BEHAVIORAL PROJECT ICAL?s core hypothesis is that non-physiological activation of the endocannabinoid (ECB) system by cannabis exposure during adolescence permanently alters ECB signaling, ultimately causing persistent alterations in cognition and motivated behavior. In this project, we propose a comprehensive behavioral evaluation of rodents exposed in adolescence to THC. Using a well-validated set of behavioral tasks and standardized protocols congruent with other Projects, we will characterize male and female, rat and mouse behavior across carefully selected measures of reward, memory, cognition and emotion to determine the scope of persistent THC behavioral effects, and how alterations in ECB signaling within hippocampal and mesocorticolimbic circuits underlie such effects. We have two Aims.

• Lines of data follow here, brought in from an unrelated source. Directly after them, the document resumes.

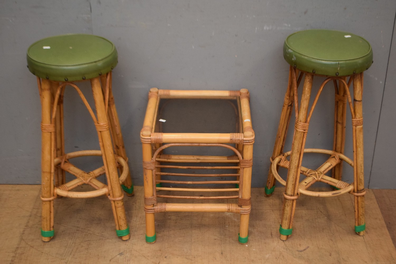 A PAIR OF MID CENTURY CANE STOOLS TOGETHER WITH SIDE TABLE ( 71H X 34 DAIMETER CM) (LEONARD JOEL DELIVERY SIZE: LARGE)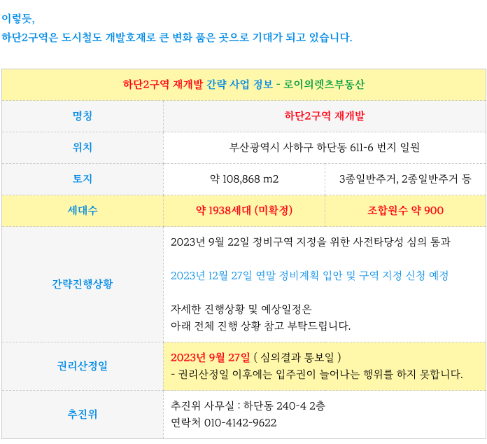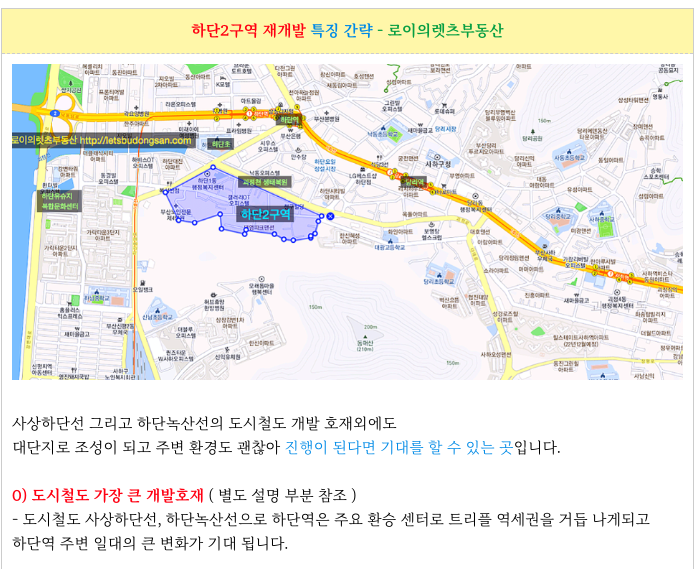 하단2구역 재개발 추가적인 간략한 특징 정리하여 소개 드립니다.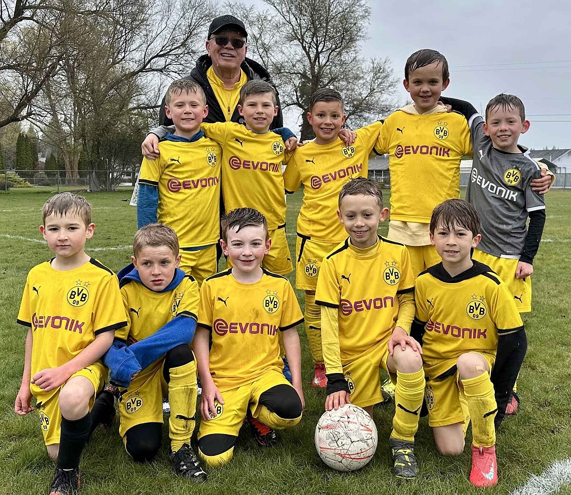 Courtesy photo The BVB IA U9 Yellow boys soccer team defeated 90+ Project B2016 8–3 on Saturday in Spokane Valley. Competing in the BU09 2016 Division 1 bracket of the Washington Inland Select League (WISL), the BVB IA team now holds a 1-1-1 record. In the front row from left are Ryker Raber, Jasper Johnson, Colin Happeny, Xander Werner and Grayson Martino; second row from left, Graham Brown, Estes Hartley, Hugh Erickson, Gideon Milligan and Luke Odom; and rear, coach John O'Neil.

Aim 1 : To characterize behavioral phenotypes caused by adolescent THC exposure. We will phenotype the effects of prolonged THC administration in adolescent mice and rats of both sexes (PND 30-43), a proxy for daily cannabis use in human teenagers. The animals will be tested in adulthood (PND 70+) on standardized behavioral assays within the domains of reward, memory, cognition, and emotion. Additional groups will compare THC effects in adult animals to determine whether adolescent exposure effects are developmental in nature, and will examine behavioral effects that may emerge as animals age (PND 300+). Following behavioral testing, brains will be processed for behavior-related c-Fos immunoreactivity to determine changes in behavior-related neural activity.
Aim 2 : To identify mechanisms of induction and maintenance of adolescent THC effects on behavior. We hypothesize that THC, via stimulation of cannabinoid CB1 receptors (CB1R) in adolescence, changes ECB signaling and plasticity mechanisms within hippocampal and mesocorticolimbic circuits, resulting in the persistent behavioral effects identified in Aim 1.

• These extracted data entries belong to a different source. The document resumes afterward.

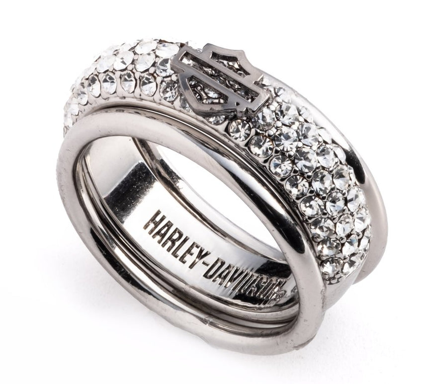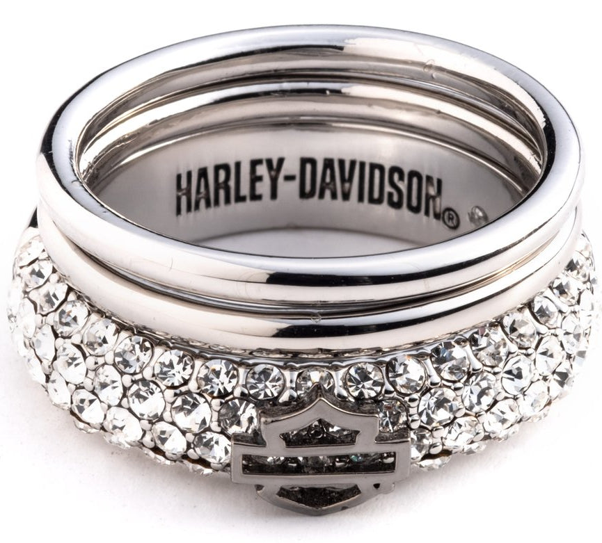 Elevate your Harley-Davidson style with this stunning set of three sterling silver stack rings. Each piece features the iconic Bar & Shield logo, with one ring showcasing a sparkling crystal pave band that catches the light beautifully. The complementary shiny silver bands complete the collection, offering versatile styling options for any occasion. Crafted from genuine sterling silver, these rings deliver timeless elegance and authentic brand pride. Perfect for stacking or wearing separately, this set is an essential addition to any rider's jewelry collection.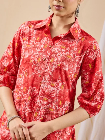 Vinnie Coral Pure Cotton Floral Printed A-line Tunic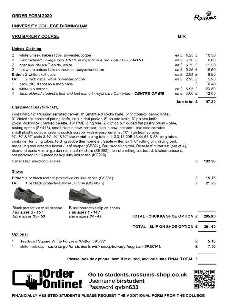 ORDER FORM 2020 UNIVERSITY COLLEGE BIRMINGHAMBIRVRQ BAKERY COURSE Unisex Clothing 2 white unisex bakers tops, polyester/cotton 2 Embroidered College logos ONLY in royal blue & red on LEFT FRONT 2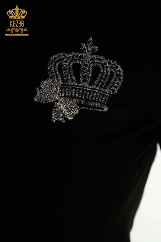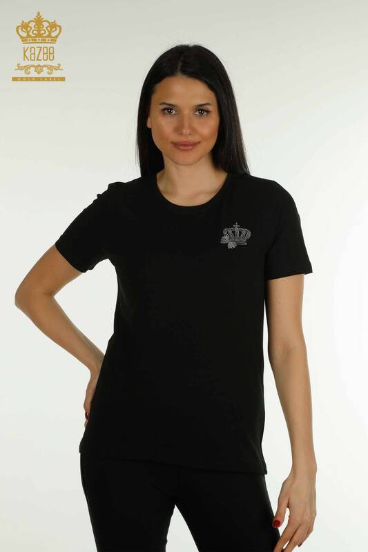 الجملة بلوزة نسائية مطرزة التاج كم قصير طاقم الرقبة أسود - 79476 | كازي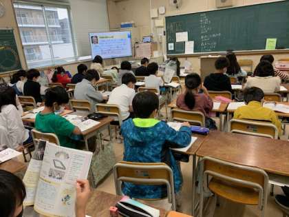 10月25日(月)1時間目、4年2組は社会科で「天神祭りを支える人々」の学習をしていました。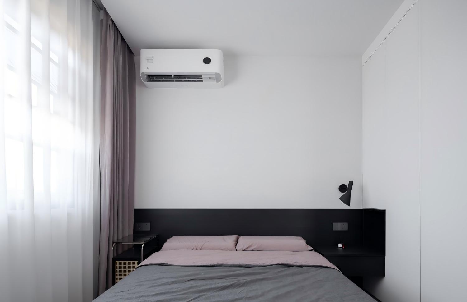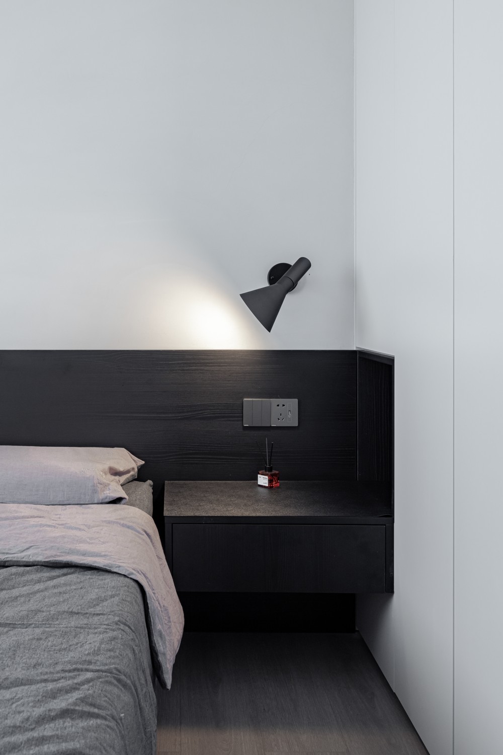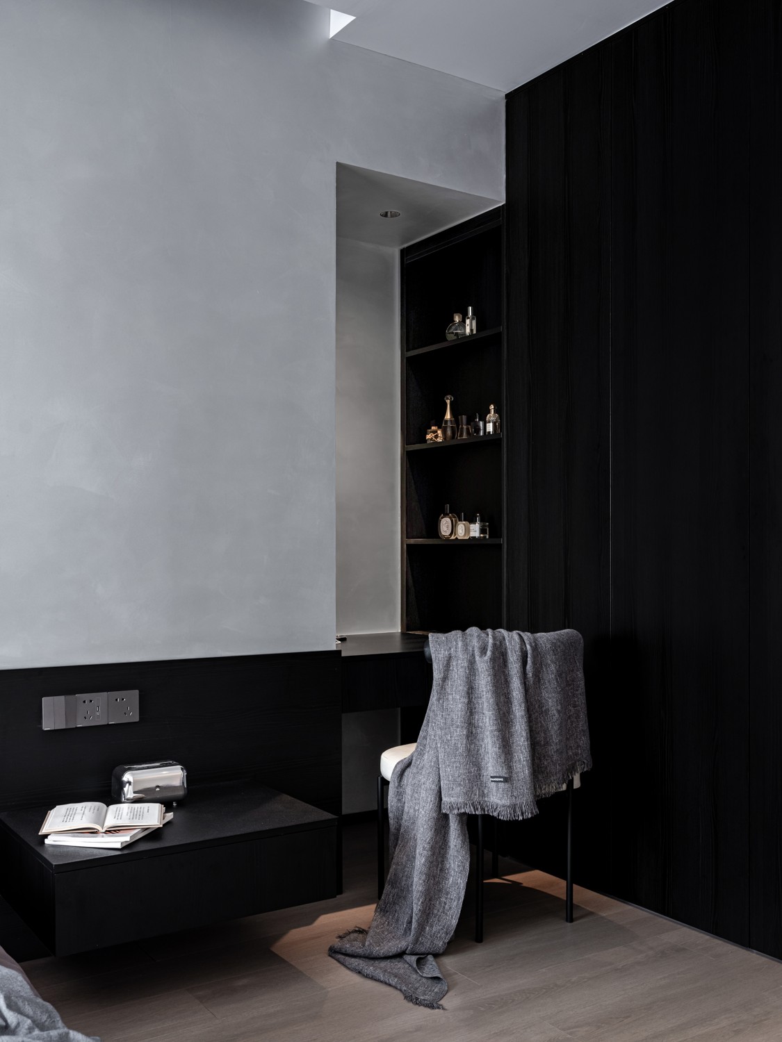 浅灰艺术漆墙面像“被揉过的云”,悬浮式黑床头板是视觉锚点,床品选了同色系的软糯面料——连毛孩子都爱蜷在上面打盹。隐形门后藏着开放式置物架,深夜小酌的酒杯、香薰,都有了妥帖的归处。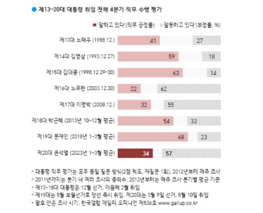 취임 첫해 4분기 직무 수행 평가를 취합한 결과, 윤 대통령은 올해 1∼3월 긍정 34%, 부정 57%로 조사됐다. 민주화 이후 역대 대통령과 비교하면 긍정은 노무현 전 대통령(22%), 이명박 전 대통령(32%) 다음으로 낮다. 부정 평가는 노무현 전 대통령(62%)을 제외하고 최고치다.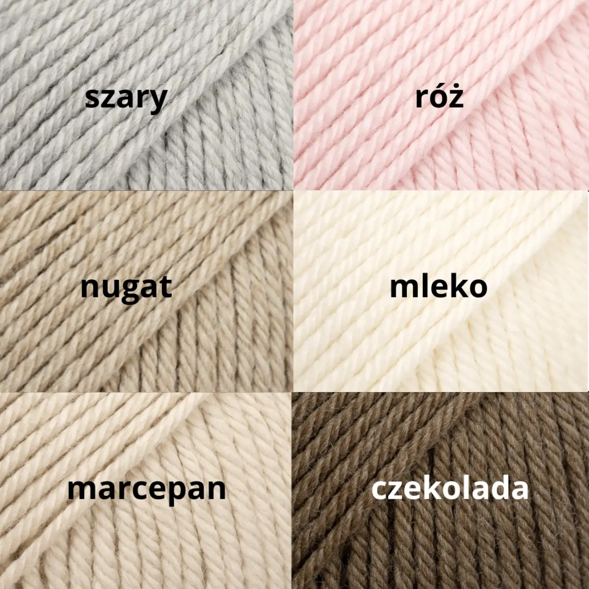 Rozmiar 1 – 3 lat, dostępny w 6 kolorach: mleko, marcepan, róż, szary, nugat i czekolada.

In Aim 2. 1 we will determine the CB1R-dependence of persistent adolescent THC effects.
In Aim 2. 2 we will investigate the behavioral functions served by adolescent THC-induced ECB dysregulation, using microinjections of selective pharmacological agents or silencing/enhancing of gene expression via targeted viral vectors.

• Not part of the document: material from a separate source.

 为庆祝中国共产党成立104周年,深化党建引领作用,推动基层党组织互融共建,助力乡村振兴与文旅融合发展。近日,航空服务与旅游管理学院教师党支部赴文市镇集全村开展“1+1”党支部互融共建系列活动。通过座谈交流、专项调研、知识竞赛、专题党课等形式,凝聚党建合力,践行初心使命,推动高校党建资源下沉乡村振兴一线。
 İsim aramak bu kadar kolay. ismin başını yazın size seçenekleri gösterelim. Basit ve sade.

In Aim 2. 3 we will utilize chemogenetic manipulations to characterize and correct adolescent THC-induced circuit activity changes. These studies will provide the first comprehensive examination of the behavioral and circuit-level mechanisms of adolescent THC effects under a standardized, validated protocol in rodents. In addition, they will provide a mechanistic framework in which to interpret the results of NIH?s prospective ABCD consortium, and will help reveal the true neurodevelopmental effects of teen cannabis use.